I kept track of the loss at each step, so there's our loss for the discriminator, and there's our loss for the generator. So our question is, what do these loss curves mean? Are they good or bad? How do we know? And the answer is, for this kind of GAN, they mean nothing at all.

The generator could get fantastic, but it could be because the discriminator is terrible. And they don't really know whether each one is good or not, so even the order of magnitude of both of them is meaningless. So these curves mean nothing. The direction of the curves mean nothing. And this is one of the real difficulties with training GANs.

And here's what happens when I plot 12 randomly selected random noise vectors stuck through there. And we have not got things that look terribly like MNIST digits and they also don't look terribly much like they have a lot of variety. This is called ModeClass. Very common problem when training GANs.

And what it means is that the generator and the discriminator have kind of reached a stalemate where neither of them basically knows how to go from here. And in terms of optimization, we've basically found a local minimum. So okay, that was not very successful. Can we do better? So the next major paper that came along was this one.

Let's go to the top so you can see it. Unsupervised representation learning with deep convolutional derivative adversarial networks. So this created something that they called DCGANs. And the main page that you want to look at here is page 3 where they say, "Call to our approach is doing these three things." And basically what they do is they just do exactly the same thing as GANs, but they do three things.

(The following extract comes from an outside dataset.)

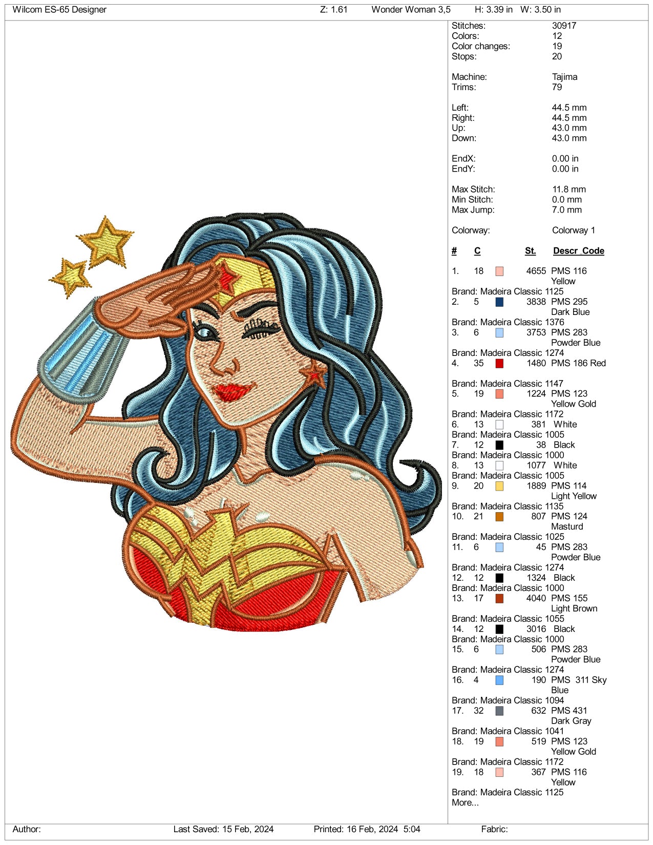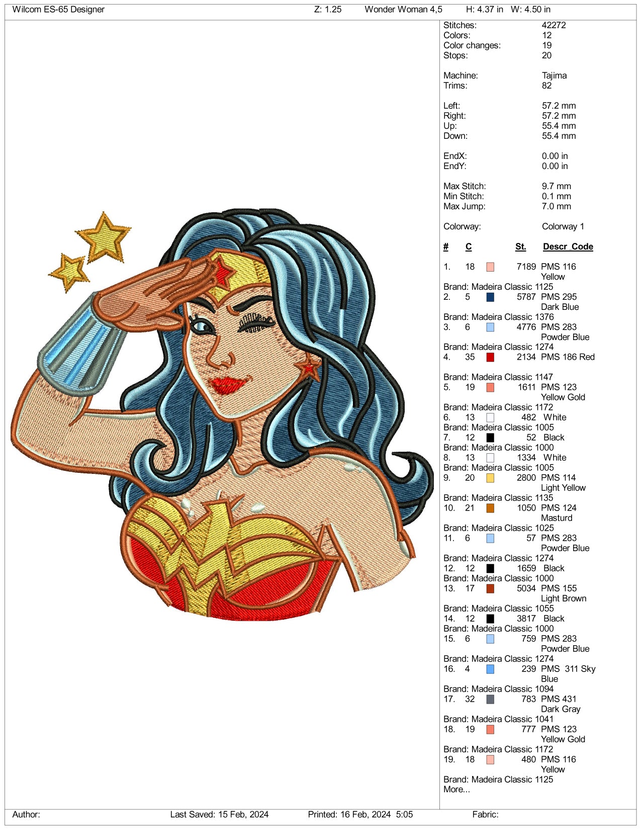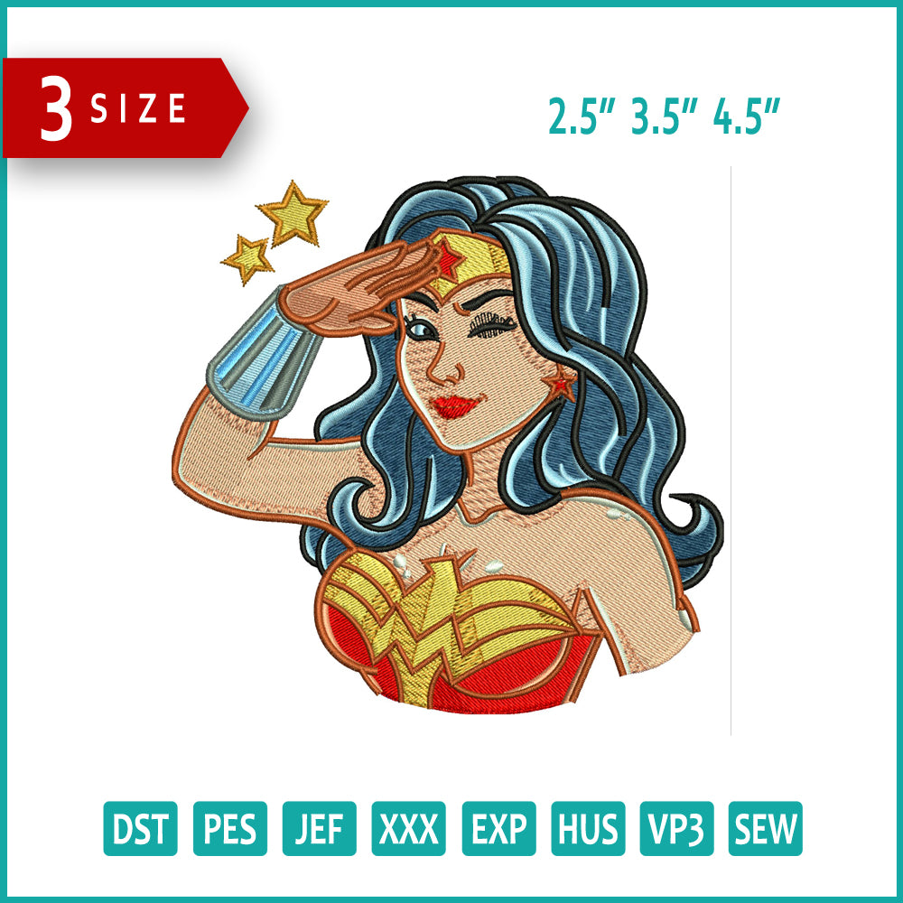 Archivos de diseño de bordado de la Mujer Maravilla - 3 tamaños

One is to use the kinds of -- well in fact all of them is to learn the tricks that we've been learning for generative models. Use an all-convolutional net, get rid of max pooling and use strata convolutions instead, get rid of fully connected layers and use lots of convolutional features instead, and add in batch null.

And then use a CNN rather than MLP. So here is that. This will look very familiar, it looks just like last lesson stuff. So the generator is going to take in a random grid of inputs. It's going to do a batch norm, up sample -- you'll notice that I'm doing even newer than this paper, I'm doing the up sampling approach because we know that's better.

Up sample, 1x1 conv, batch norm, up sample, 1x1 conv, batch norm, and then a final conv layer. The discriminator basically does the opposite, which is some 2x2 sub-samplings, so down sampling in the discriminator. Another trick that I think it's mentioned in the paper is before you do the back and forth batch for the discriminator and a batch for the generator is to train the discriminator for a fraction of an epoch, like do a few batches through the discriminator.

So at least it knows how to recognize the difference between a random image and a real image a little bit. So you can see here I actually just start by calling discriminator.fit with just a very small amount of data. So this is kind of like bootstrapping the discriminator. And then I just go ahead and call the same train as we had before with my better architectures.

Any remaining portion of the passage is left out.